Василек тихо подняла руки к лицу, медленно откачнулась на спинку своего кресла и едва слышно выговорила:
– Ах, полноте, Дмитрий Дмитриевич!..
– Отчего же? Я у вас не спрашиваю кого. Да это мне и не нужно знать. Я спрашиваю только, знали ли вы это дьявольское чувство, которое меня теперь совсем измучило. Я знаю, что моя любовь к графине может пройти. Она может завтра сделать что-нибудь, за что я ее возненавижу. Прежде я думал, что я способен убить ее, но теперь вижу, что если она такая… Таких убивать не стоит, таких можно только презирать. Так вот, скажите! Понимате ли вы то чувство, которое во мне? Бывало ли с вами что-нибудь такое? Любили ли вы? Скажите, княжна! Я не отстану! – грустно улыбнулся Шепелев.

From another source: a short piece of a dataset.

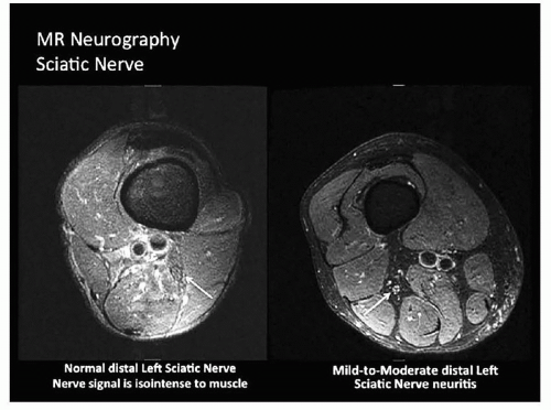 Magnetic resonance (MR) neurogram is an emerging technique in which edema or inflammatory changes around a nerve could help identify location of injury (FIG 3).

Василек сидела по-прежнему, закрыв лицо руками. Ей казалось, что она стоит на краю обрыва, на краю пропасти, в которую ей неудержимо хочется броситься. Она чувствовала, что сейчас бросится и погибнет. Она сейчас непременно скажет ему одно слово, которое все погубит. Он испугается, он перестанет бывать. То чувство, которое явится в нем к ней, будет вдобавок оскорбительно, горько для нее! Их братские отношения будут уничтожены сразу. А между тем Василек чувствовала, что вот сейчас он повторит свой вопрос, а она ответит правду, – бросится в эту пропасть!

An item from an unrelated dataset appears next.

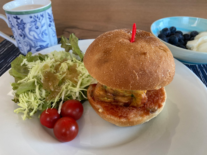 青ねぎとかツナとかで卵焼き器で作ったので、全然バンズのサイズとは違うので、なんだか収まりがよくない仕上がりに。でもまあむぎゅっと食べれば味的には問題なし。

Шепелев протянул руки, взял ее за руки и отнял их от лица. Он почувствовал, что эти руки дрожат, но не понял. Он увидал ее совершенно изменившееся лицо с страдающим выражением, он увидал что-то новое, странное, тревожное в ее великолепных, вечно спокойных глазах, но тоже не понял.
– Понимаю, – выговорил он, – это для вас тяжелое воспоминание. Простите меня! Так, стало быть, вы знаете или хоть знали, как я мучаюсь теперь. Вы все-таки любили или, может быть, до сих пор любите?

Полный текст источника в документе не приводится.